## Exercise:
Under this line are the records; repeat exactly the lines starting at the one containing "Birşah Abiye Mavi" and ending at the one containing "Halsband i återvunnet", omitting pictures.
** Data supplied follows **
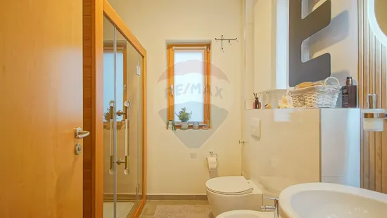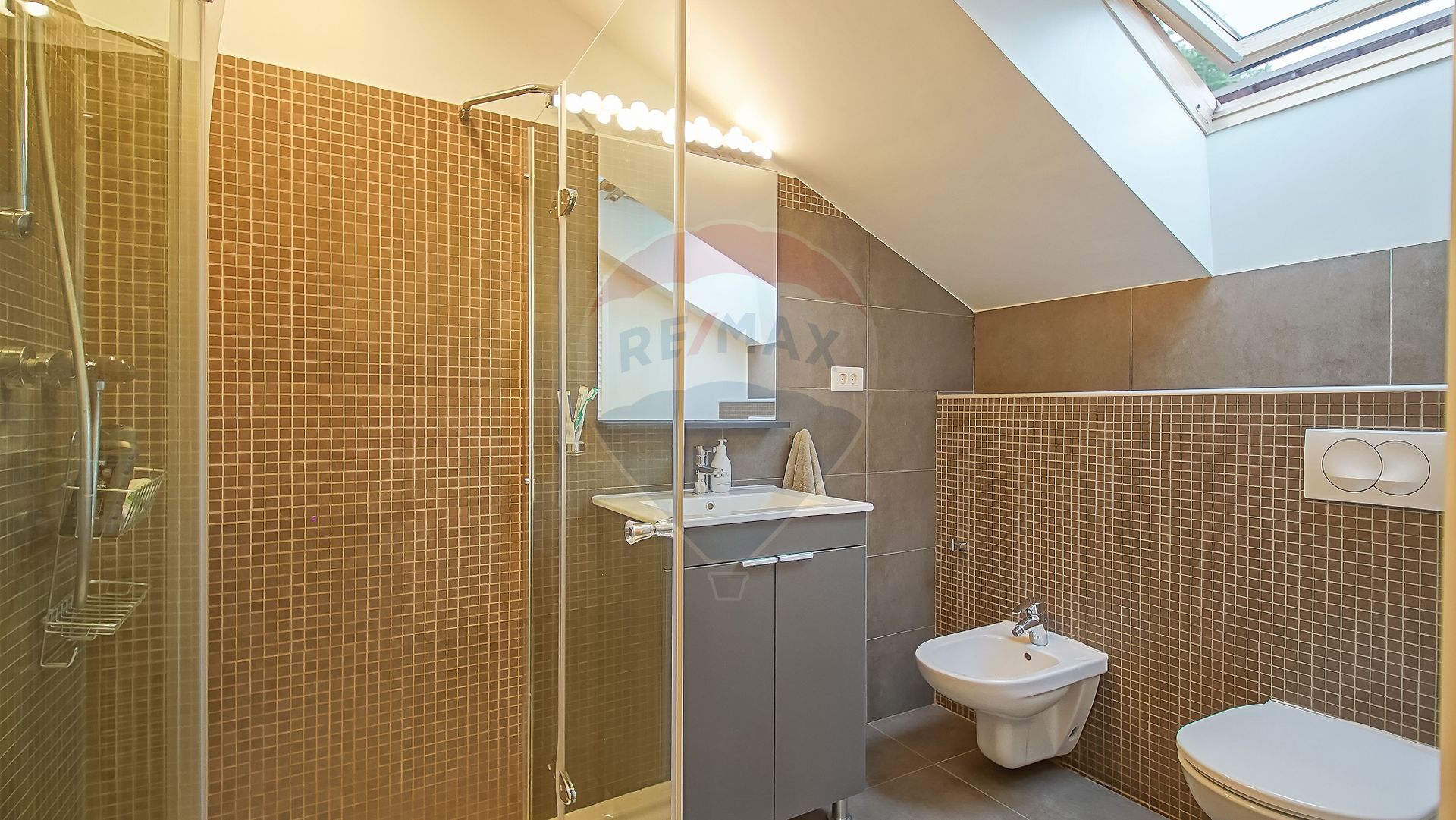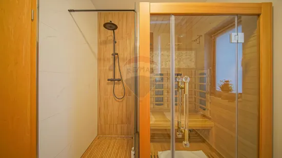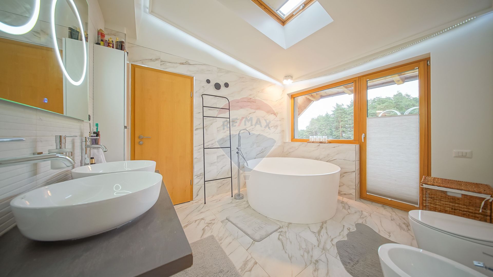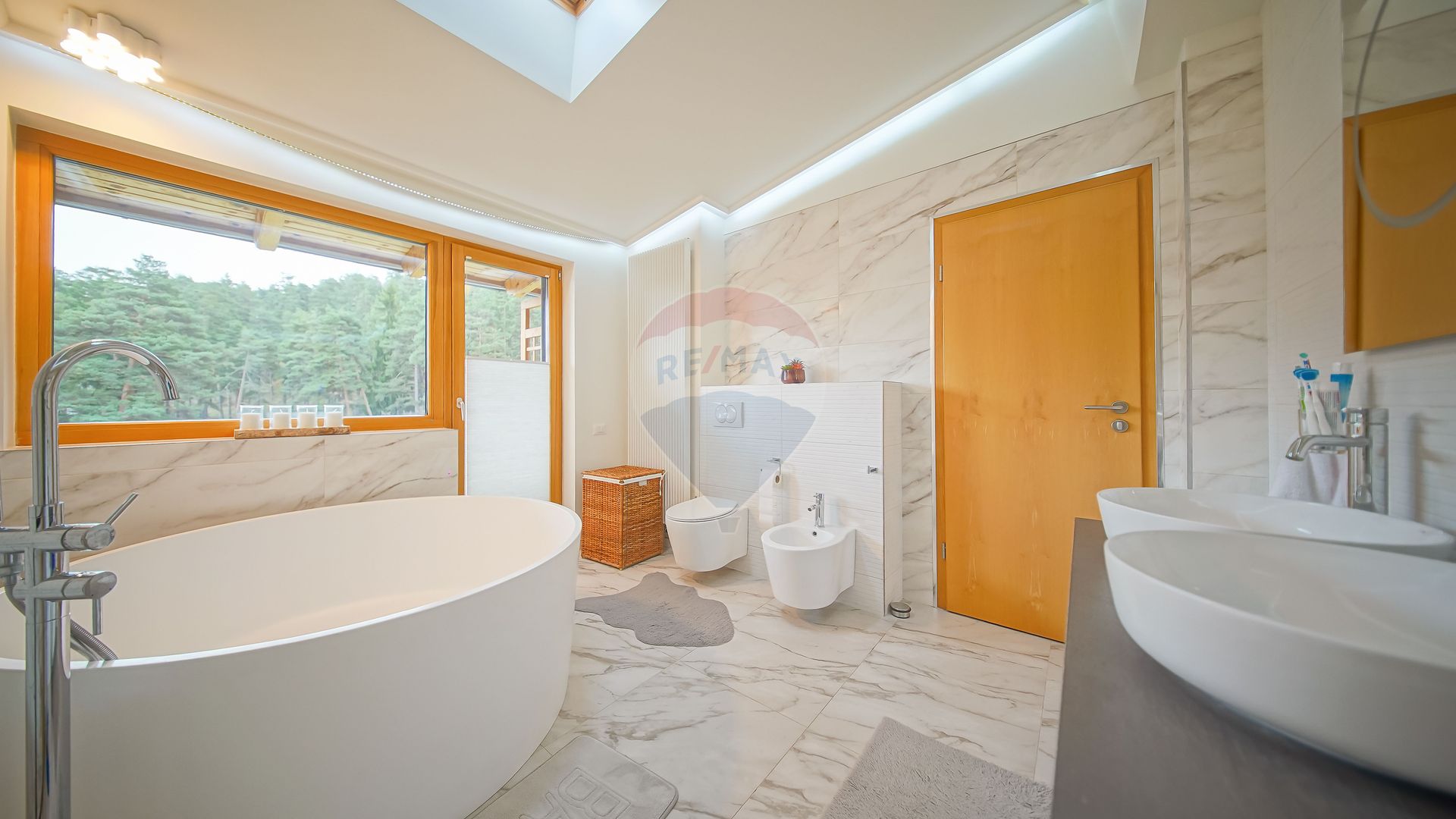 Dormitoarele sunt confortabile și orientate către verde, iar baia principală cu geam spre pădure creează una dintre cele mai frumoase experiențe de wellness de acasă.
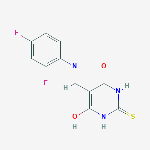 The synthesis of 5-{[(2,4-difluorophenyl)amino]methylidene}-2-sulfanylidene-1,3-diazinane-4,6-dione typically involves the reaction of appropriate precursors under controlled conditions. One common method involves the condensation of 2,4-difluoroaniline with a suitable diazinane derivative in the presence of a sulfur source. The reaction conditions often include the use of solvents such as dichloromethane or ethanol and may require heating to facilitate the reaction.
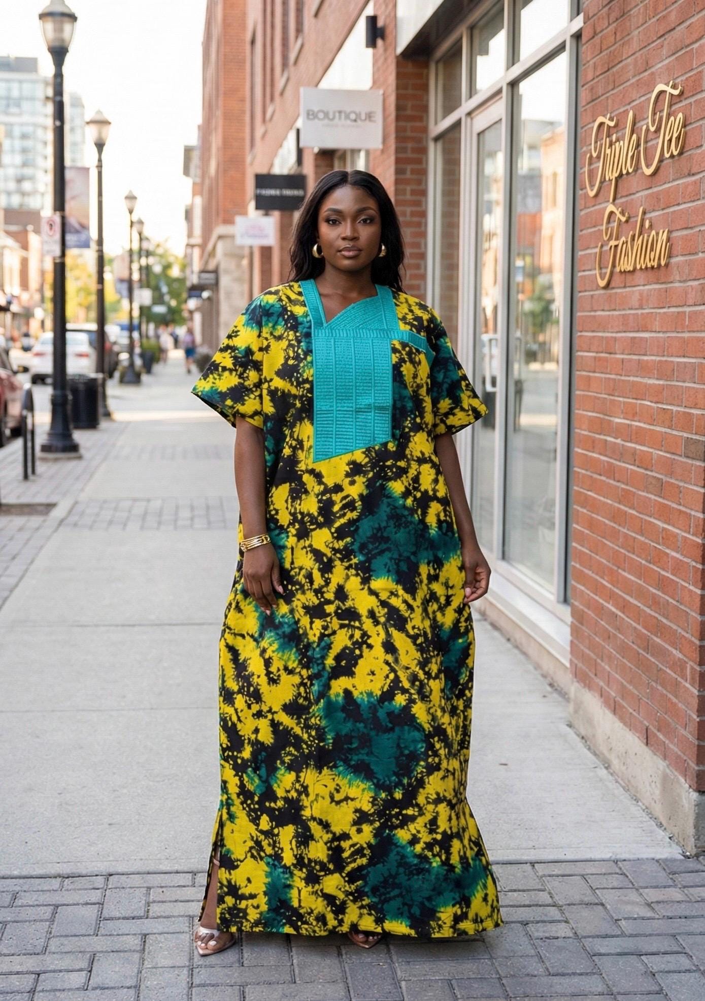 This ready-made dress is crafted from high-quality Ankara fabric, known for its vibrant colors and bold patterns. The phoenix embroidery adds a touch of elegance and uniqueness to this already beautiful piece.
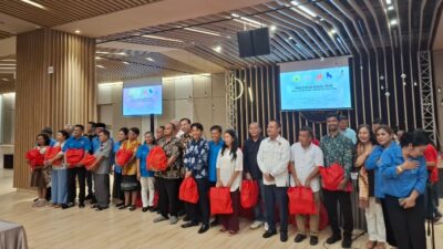 BERIKAN: Ketua MPKW Sumut–Aceh Dr RE Nainggolan MM dan Ketua PWI Sumut Farianda Putra Sinik…
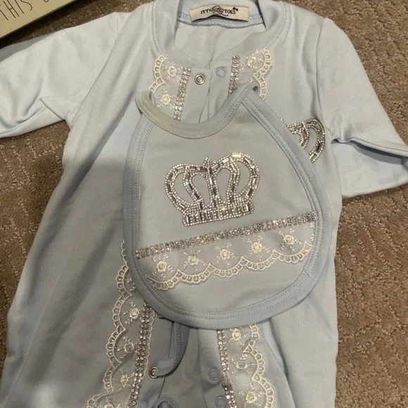 Itty bitty toes set for newborn boys. Was worn once for a photo shoot. Slight discoloration on the bib(photo attached)
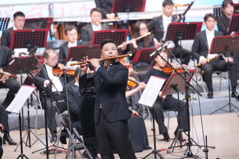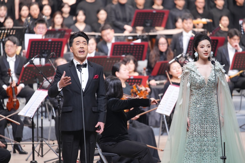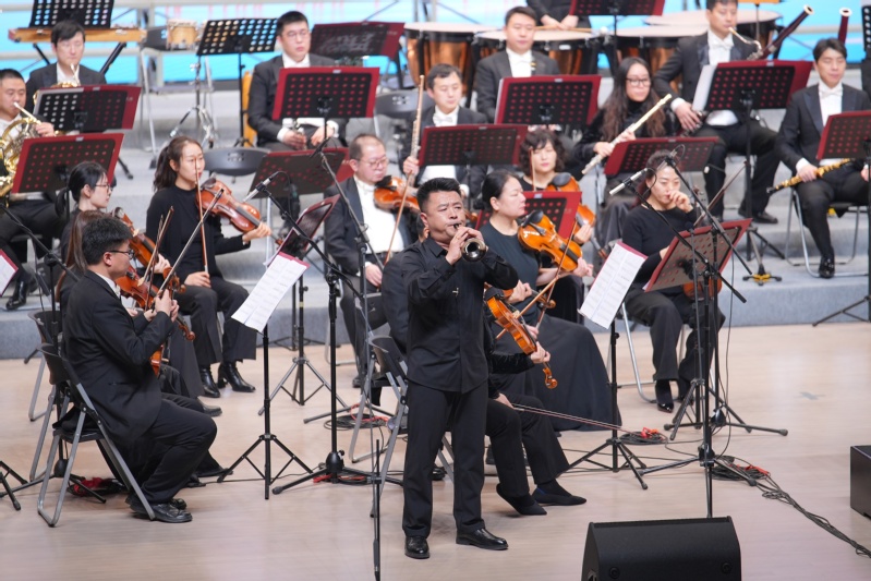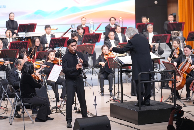 本次活动由广西师范大学主办,校美育中心、音乐学院、中华民族共同体研究院联合承办,特邀中国歌剧舞剧院交响乐团联袂演出。音乐会由我校客座教授、著名指挥家、中国音乐学院特聘教授许知俊执棒,特别邀请我校特聘教授、著名男高音歌唱家王铁刚倾情出演,学校音乐学院多位青年教师亦同台献艺,与中国歌剧舞剧院音乐家们默契协作。曲目编排精心,既有《春节序曲》、《一枝花》、《云裳诉》等扎根中华优秀传统文化、展现民族音乐魅力的经典之作;也有《帕米尔之音协奏曲》、《新疆之春》、《鸿雁主题随想曲》等描绘祖国辽阔疆域、反映多民族风情音乐的精彩篇章;更有《沁园春·雪》、《怀念战友》、《不忘初心》、《我爱你中国》等抒写爱国情怀、唱响时代主旋律的深情演绎,实现了中华美学与交响形式的深度融合。
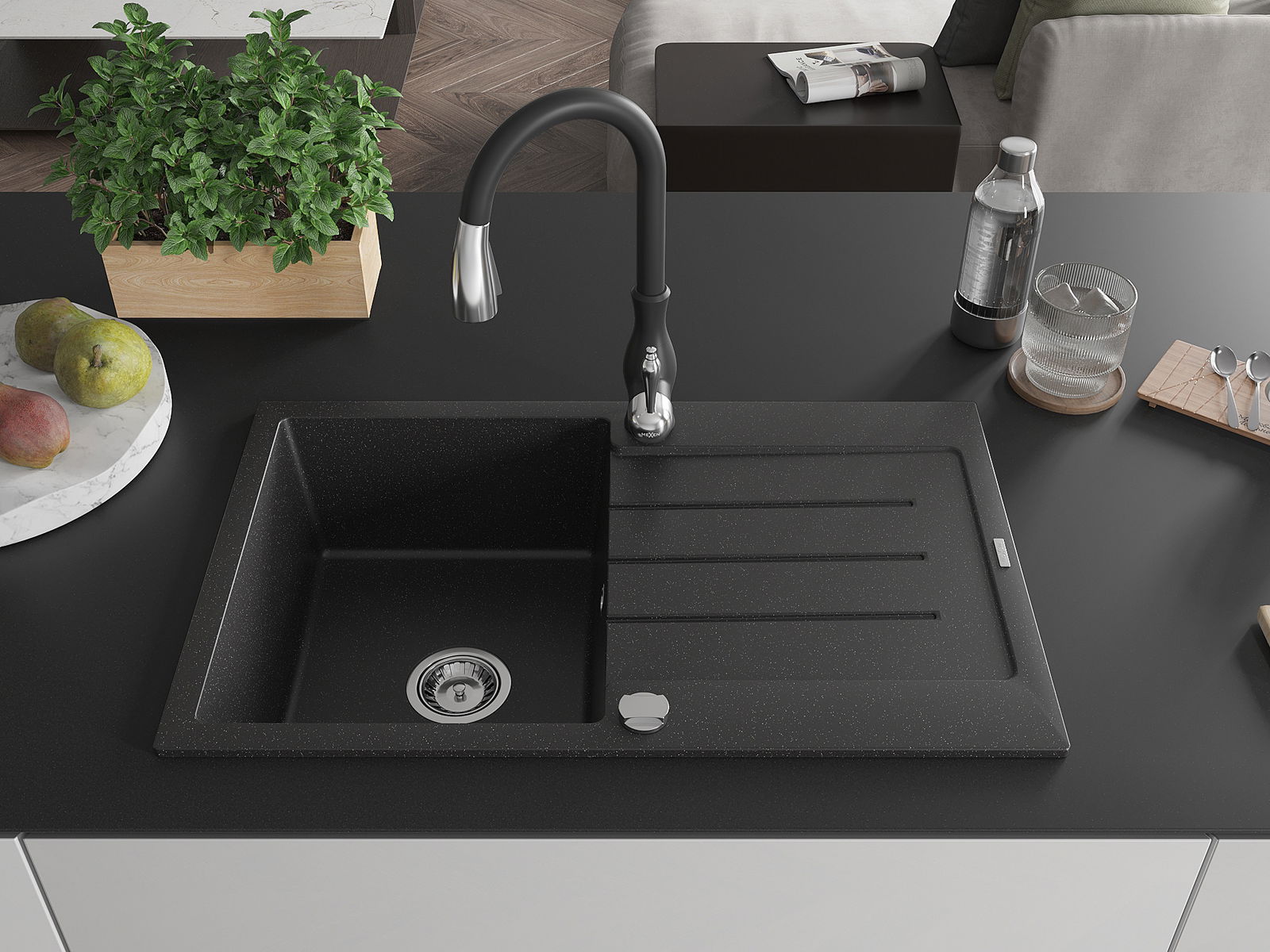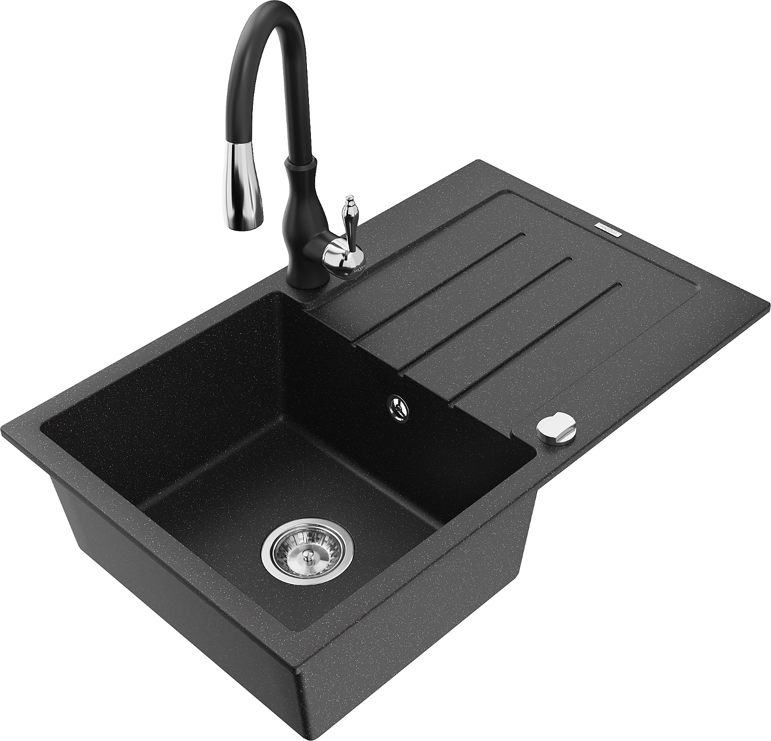 Mexen Bruno granitinė virtuvės kriauklė su vienu skyriumi, su lašėjimo plokšte ir virtuvės maišytuvu Savita,
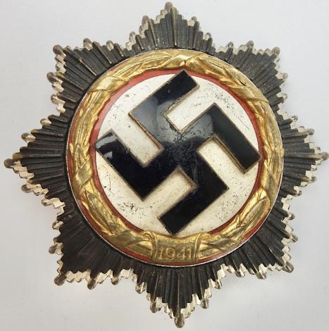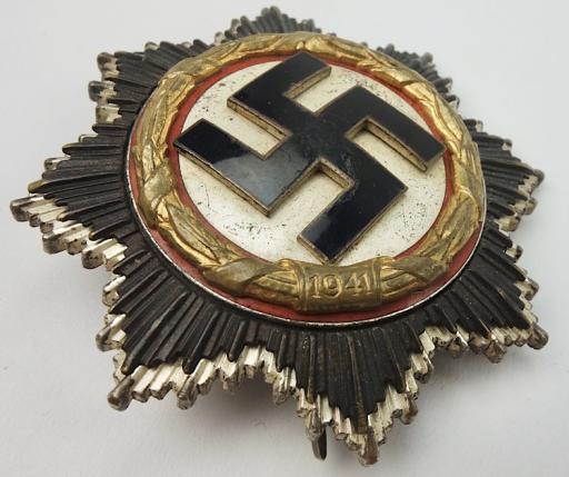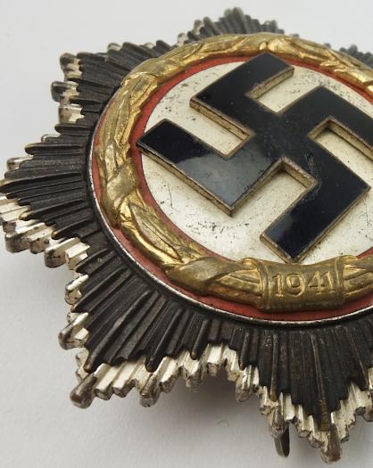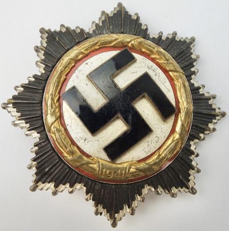 Nice used “Deutsches Kreutz in Gold” (German Cross in Gold the Third Reichs 3th Highest combat Award for bravery in combat. This nice used six rivet version is made by “Godet, Berlin” and marked on the inside needle with “Godet’s” maker code “21”
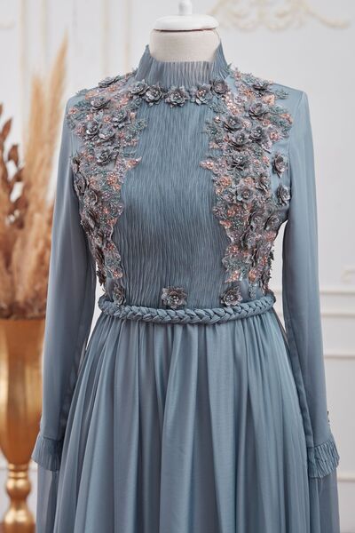 Birşah Abiye Mavi - Dresslife Tesettür Giyim - ALM2107
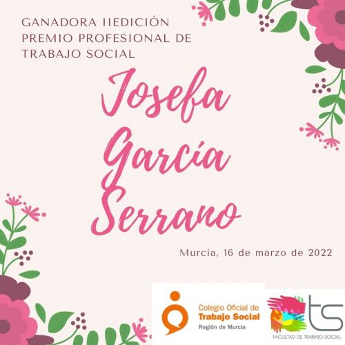 El Colegio de Trabajo Social de la Región de Murcia y la Facultad de Trabajo Social de la Universidad de Murcia, nos complace comunicar que la persona ganadora de la II Edición del Premio Profesional es Dña. Josefa García Serrano.
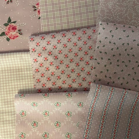 Puuvillakangaspalat, 7 kpl, tilkkutyö/käsityö/askartelumateriaalia
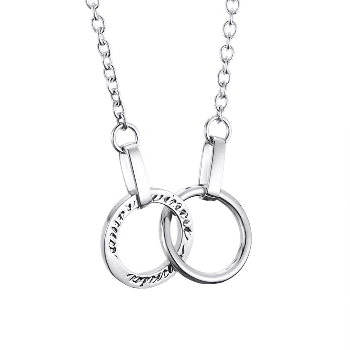 Halsband i återvunnet sterlingsilver med två ringar sammanlänkade. En rundad ring och en rutad med orden Amor Vincit Omnia - kärleken övervinner allt på latin.
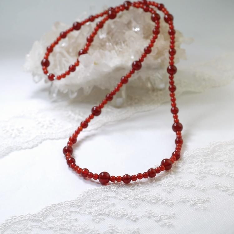 カルセドニーやアゲート(めのう)の赤いものですが、オレンジアゲートを加熱処理したものが多くなっています。
** End of Data supplied **
## Finished task:
 Birşah Abiye Mavi - Dresslife Tesettür Giyim - ALM2107
 El Colegio de Trabajo Social de la Región de Murcia y la Facultad de Trabajo Social de la Universidad de Murcia, nos complace comunicar que la persona ganadora de la II Edición del Premio Profesional es Dña. Josefa García Serrano.
 Puuvillakangaspalat, 7 kpl, tilkkutyö/käsityö/askartelumateriaalia
 Halsband i återvunnet sterlingsilver med två ringar sammanlänkade. En rundad ring och en rutad med orden Amor Vincit Omnia - kärleken övervinner allt på latin.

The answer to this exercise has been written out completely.